EXERCISE REQUIREMENTS
All the data should be repeated exactly. Any image in it is left out.

DATA BELOW
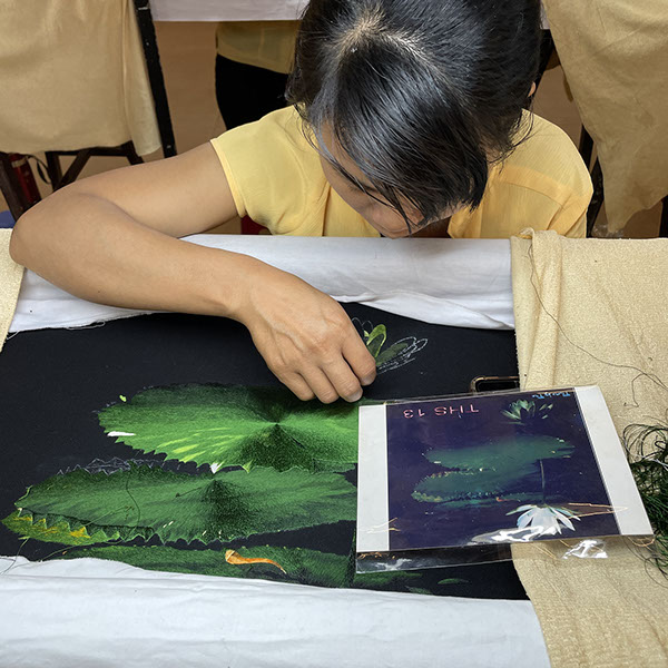 Besuch der Seidenfabrik Thang Loi wo sogar am Sonntag fleißig gestickt wird
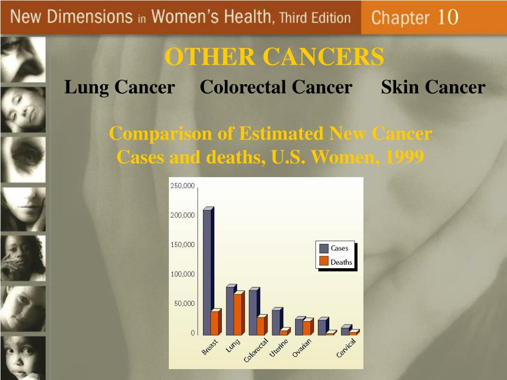 10 OTHER CANCERS Lung Cancer Colorectal Cancer Skin Cancer Comparison of Estimated New Cancer Cases and deaths, U.S. Women, 1999
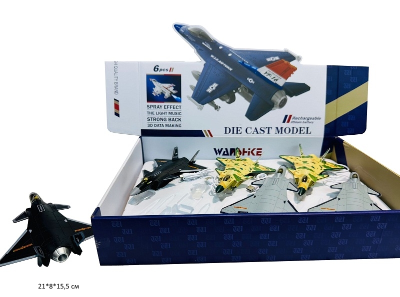 Самолет арт. W9613-3 Инерц. модель металл свет, музыка, пар, USB (6 шт.) в кор.•

ANSWER FOR THIS EXERCISE
 Besuch der Seidenfabrik Thang Loi wo sogar am Sonntag fleißig gestickt wird
 10 OTHER CANCERS Lung Cancer Colorectal Cancer Skin Cancer Comparison of Estimated New Cancer Cases and deaths, U.S. Women, 1999
 Самолет арт. W9613-3 Инерц. модель металл свет, музыка, пар, USB (6 шт.) в кор.•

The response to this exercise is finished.